Try it: Your task is to repeat exactly the lines below between the line holding "3. 側面用のワンタッチ防音壁を取付部材奥側に左右それぞれ差し込み、" and the line holding "Стильная молодёжная толстовка", inclusive, and only those.
**** Records for the exercise
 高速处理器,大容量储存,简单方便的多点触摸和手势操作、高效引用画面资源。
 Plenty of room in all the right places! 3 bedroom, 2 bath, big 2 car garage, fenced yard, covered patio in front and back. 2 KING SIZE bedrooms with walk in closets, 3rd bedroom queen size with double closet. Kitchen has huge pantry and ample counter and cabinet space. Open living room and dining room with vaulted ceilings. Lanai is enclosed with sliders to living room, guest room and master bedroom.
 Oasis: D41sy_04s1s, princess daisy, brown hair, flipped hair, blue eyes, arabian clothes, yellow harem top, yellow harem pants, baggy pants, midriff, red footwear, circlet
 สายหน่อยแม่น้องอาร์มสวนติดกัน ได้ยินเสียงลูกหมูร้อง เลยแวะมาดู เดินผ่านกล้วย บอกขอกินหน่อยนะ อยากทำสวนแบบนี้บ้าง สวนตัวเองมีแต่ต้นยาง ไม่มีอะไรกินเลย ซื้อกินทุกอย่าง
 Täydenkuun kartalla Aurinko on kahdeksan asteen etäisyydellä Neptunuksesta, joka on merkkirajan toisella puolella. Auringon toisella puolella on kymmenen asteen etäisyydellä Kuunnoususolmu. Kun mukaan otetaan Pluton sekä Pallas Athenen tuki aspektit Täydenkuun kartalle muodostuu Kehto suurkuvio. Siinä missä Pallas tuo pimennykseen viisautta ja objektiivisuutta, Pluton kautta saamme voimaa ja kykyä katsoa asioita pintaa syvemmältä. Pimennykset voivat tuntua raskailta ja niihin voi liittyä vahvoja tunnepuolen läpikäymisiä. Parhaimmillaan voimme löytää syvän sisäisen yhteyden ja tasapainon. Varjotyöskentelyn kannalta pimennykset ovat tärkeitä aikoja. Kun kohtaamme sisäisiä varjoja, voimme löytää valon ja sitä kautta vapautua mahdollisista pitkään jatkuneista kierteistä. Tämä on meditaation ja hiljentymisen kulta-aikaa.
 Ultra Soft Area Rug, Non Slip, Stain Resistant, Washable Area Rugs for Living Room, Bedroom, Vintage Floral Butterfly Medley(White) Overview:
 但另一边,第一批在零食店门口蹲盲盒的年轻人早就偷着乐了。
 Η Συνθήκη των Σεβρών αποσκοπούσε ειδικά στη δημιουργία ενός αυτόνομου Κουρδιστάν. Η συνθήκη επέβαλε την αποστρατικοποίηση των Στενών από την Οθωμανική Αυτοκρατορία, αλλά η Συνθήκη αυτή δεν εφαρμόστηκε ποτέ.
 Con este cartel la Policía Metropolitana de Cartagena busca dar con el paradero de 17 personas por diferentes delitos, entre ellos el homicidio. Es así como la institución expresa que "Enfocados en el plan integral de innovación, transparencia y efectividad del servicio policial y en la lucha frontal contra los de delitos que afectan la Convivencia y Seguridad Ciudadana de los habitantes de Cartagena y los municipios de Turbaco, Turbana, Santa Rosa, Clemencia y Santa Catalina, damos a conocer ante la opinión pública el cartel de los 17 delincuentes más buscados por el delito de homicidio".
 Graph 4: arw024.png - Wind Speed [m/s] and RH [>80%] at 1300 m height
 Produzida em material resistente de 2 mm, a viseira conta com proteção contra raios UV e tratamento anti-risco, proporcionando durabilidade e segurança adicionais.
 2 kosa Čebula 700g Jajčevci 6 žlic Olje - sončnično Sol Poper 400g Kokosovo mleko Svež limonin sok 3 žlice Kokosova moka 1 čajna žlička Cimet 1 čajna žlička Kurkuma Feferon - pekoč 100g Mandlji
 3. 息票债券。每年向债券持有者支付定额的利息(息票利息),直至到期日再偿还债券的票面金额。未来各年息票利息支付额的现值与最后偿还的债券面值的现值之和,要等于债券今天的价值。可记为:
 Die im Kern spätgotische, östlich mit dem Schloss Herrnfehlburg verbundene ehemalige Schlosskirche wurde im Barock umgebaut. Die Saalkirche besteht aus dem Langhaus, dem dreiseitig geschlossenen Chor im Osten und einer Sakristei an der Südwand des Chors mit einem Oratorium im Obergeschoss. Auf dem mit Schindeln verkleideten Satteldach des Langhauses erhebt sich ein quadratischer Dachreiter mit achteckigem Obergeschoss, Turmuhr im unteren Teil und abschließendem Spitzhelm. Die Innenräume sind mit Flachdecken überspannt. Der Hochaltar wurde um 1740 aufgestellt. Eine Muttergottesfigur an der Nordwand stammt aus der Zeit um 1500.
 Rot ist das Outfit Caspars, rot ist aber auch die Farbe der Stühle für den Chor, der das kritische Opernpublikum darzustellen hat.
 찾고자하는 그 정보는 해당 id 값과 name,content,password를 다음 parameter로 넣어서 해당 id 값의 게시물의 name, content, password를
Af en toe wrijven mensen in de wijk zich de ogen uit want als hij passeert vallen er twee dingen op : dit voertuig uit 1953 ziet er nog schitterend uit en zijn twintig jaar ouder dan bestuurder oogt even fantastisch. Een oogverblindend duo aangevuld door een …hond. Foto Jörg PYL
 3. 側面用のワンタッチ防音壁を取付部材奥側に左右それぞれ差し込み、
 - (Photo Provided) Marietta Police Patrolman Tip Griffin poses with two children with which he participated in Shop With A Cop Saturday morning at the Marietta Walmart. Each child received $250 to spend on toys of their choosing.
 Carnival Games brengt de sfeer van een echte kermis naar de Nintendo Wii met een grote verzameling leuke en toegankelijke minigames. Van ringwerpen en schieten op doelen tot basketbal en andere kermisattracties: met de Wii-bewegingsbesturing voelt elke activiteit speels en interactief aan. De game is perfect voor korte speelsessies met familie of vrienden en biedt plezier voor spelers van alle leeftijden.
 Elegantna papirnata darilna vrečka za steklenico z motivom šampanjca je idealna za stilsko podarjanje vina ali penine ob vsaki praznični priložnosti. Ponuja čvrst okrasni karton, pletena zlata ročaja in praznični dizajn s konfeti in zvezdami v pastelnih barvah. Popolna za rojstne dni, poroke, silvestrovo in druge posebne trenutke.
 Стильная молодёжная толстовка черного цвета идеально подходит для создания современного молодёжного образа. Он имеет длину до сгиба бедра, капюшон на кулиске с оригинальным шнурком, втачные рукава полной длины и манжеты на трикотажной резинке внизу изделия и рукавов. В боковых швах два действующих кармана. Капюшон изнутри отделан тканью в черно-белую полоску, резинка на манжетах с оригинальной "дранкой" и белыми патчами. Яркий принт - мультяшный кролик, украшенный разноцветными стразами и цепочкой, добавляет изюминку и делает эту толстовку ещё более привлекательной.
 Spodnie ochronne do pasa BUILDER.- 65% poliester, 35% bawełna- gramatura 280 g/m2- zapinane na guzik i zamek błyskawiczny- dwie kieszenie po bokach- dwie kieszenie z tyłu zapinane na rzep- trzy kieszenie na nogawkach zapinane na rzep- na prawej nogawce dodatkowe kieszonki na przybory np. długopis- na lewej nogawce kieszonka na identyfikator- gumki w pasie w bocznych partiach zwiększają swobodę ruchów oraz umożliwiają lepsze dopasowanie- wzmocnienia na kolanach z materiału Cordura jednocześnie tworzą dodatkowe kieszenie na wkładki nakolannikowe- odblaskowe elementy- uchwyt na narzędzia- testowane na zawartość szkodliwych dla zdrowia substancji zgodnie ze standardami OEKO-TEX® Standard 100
********
Result:
 3. 側面用のワンタッチ防音壁を取付部材奥側に左右それぞれ差し込み、
 - (Photo Provided) Marietta Police Patrolman Tip Griffin poses with two children with which he participated in Shop With A Cop Saturday morning at the Marietta Walmart. Each child received $250 to spend on toys of their choosing.
 Carnival Games brengt de sfeer van een echte kermis naar de Nintendo Wii met een grote verzameling leuke en toegankelijke minigames. Van ringwerpen en schieten op doelen tot basketbal en andere kermisattracties: met de Wii-bewegingsbesturing voelt elke activiteit speels en interactief aan. De game is perfect voor korte speelsessies met familie of vrienden en biedt plezier voor spelers van alle leeftijden.
 Elegantna papirnata darilna vrečka za steklenico z motivom šampanjca je idealna za stilsko podarjanje vina ali penine ob vsaki praznični priložnosti. Ponuja čvrst okrasni karton, pletena zlata ročaja in praznični dizajn s konfeti in zvezdami v pastelnih barvah. Popolna za rojstne dni, poroke, silvestrovo in druge posebne trenutke.
 Стильная молодёжная толстовка черного цвета идеально подходит для создания современного молодёжного образа. Он имеет длину до сгиба бедра, капюшон на кулиске с оригинальным шнурком, втачные рукава полной длины и манжеты на трикотажной резинке внизу изделия и рукавов. В боковых швах два действующих кармана. Капюшон изнутри отделан тканью в черно-белую полоску, резинка на манжетах с оригинальной "дранкой" и белыми патчами. Яркий принт - мультяшный кролик, украшенный разноцветными стразами и цепочкой, добавляет изюминку и делает эту толстовку ещё более привлекательной.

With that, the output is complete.